Un rapport de la Commission d’enquête sur les attentats contre des journalistes (CIAP) révèle que 40 journalistes latino-américains de six pays ont été tués en 2011, et qu’ils représentent 42% de la totalité des 123 reporters assassinés dans le monde. La plupart d’entre eux enquêtaient sur des cas de corruption et d’autres activités illégales.

Le rapport souligne que par région, l’Amérique latine a été la plus meurtrière, avec en tête le Brésil, le Honduras et le Mexique.

LA CIAP demande de renforcer de toute urgence les mesures de protection des journalistes, une question qui avait été soulevée dans les années 70.

En septembre dernier, le commentateur mexicain Salvador Camarena soulignait que « la muselière de terreur imposée par les cartels criminels dans les régions côtières du Mexique est parvenue à réduire au silence journaux, stations de radio et de télévision, et commence même à faire taire les sites web et les réseaux sociaux ».
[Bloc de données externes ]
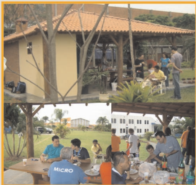
Quiosque Faça a sua reserva com Kíria.

Lembrando que os funcionários podem contar com a área de lazer localizada nas dependências da empresa.
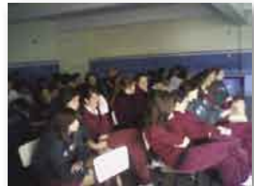
• Colegio Verbo Encarnado
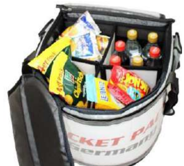
Incrustation (diviseur de pièce), garde le plateau bien rangé
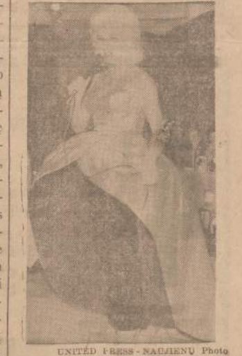
Diana Dors, Anglijos klubų "Zavignum karalienė", vis dar pasirodanti klubų programose. Kadangi ji netrukus laukiasi kūdikio, tai pasiūdinuo sau specialius drabužius.

"NAUJIENAS" SKAITO VISŲ SROVIŲ ŽMONES: DARBININKAI, BIZNIERIAI, PROFESIONALAI, DVASININKAI, VALSITYBININKAI, MOKSLININKAI JIE ŽINO, KAD "NAUJIENOS" PADUODA TEISINGIAUSIAS ŽINIAS IR GERIAUSIAS RASTUS
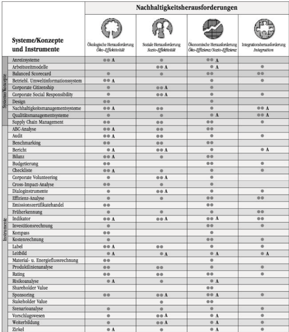
Tabelle 1: Systeme, Konzepte und Instrumente zur Begegnung der vier Nachhaltigkeitsherausforderungen
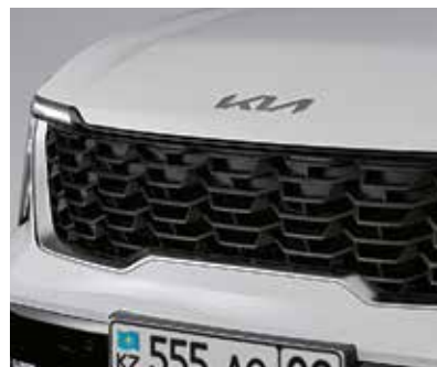
Черная решетка радиатора
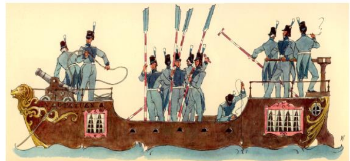
Kriegsschiff der Stadt Zürich Neptun

England war durch die Finanzierung der ab dem 20. August 1799 in Zürich stehenden russischen Armee von General Korsakow in Zürich vertreten. Der Gesandte Oberst William Wickham bemächtigte sich der Zürcher Seeflotte «allen voran des grossen Kriegsschiffs, um den Franzosen damit ziemlichen Schaden zuzufügen».
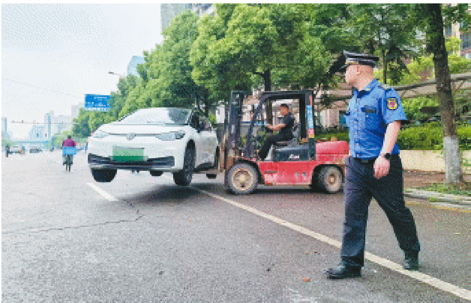
截至上午10时累计劝离车辆100多台,叉车转移9台。

砂子塘新世界小学分管安全副校长胡怡梅介绍,该校国欣向荣府和旭辉国悦府片区学生均需途经此路段,此前虽多次开展安全教育并向街道申请整治,但违停问题反复,安全隐患始终未彻底消除。
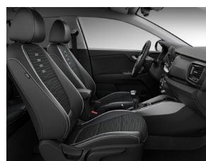
Svart interiör med svart delläderklädsel (konstläder) (GT Line)

Mais il n’y a pas que le danger de la drogue et des guerres de rapine qui menacent les journalistes. Nombreux sont les obstacles au travail de ceux qui sont chargés d’informer, d’enquêter et de dénoncer. Trop de journalistes d’investigation sont réduits au silence, souvent pour avoir jeté le jour sur la corruption ou sur un crime quelconque.

D’autres sont exposés à un tabassage et à la saisie de leur matériel lorsqu’ils couvrent une manifestation ou une marche pacifique, comme on a pu le voir en Europe, au Chili et même à New York, considérée comme la « Mecque de la libre expression ». Au mois d’octobre dernier, l’Association de correspondants étrangers du Chili a exprimé au gouvernement sa « vive préoccupation devant les attaques constantes à la liberté d’expression perpétrées par les Carabiniers ces deux dernières années ». Un mois plus tard, d’après une dépêche de l’Associated Press, « des journalistes qui couvraient l’opération policière dans le camp du mouvement Occupy Wall Street à New York ont été maintenus à distance, et plusieurs d’entre eux ont été arrêtés ».

La culture de l’impunité s’est ancrée dans plusieurs parties du monde du fait que beaucoup de gouvernements ont systématiquement failli à leur obligation de protéger les journalistes et de punir les responsables des violences à leur encontre. Trop d’agressions et de meurtres de journalistes demeurent impunis. Il faut agir de toute urgence, car l’année 2012 s’annonce encore plus meurtrière.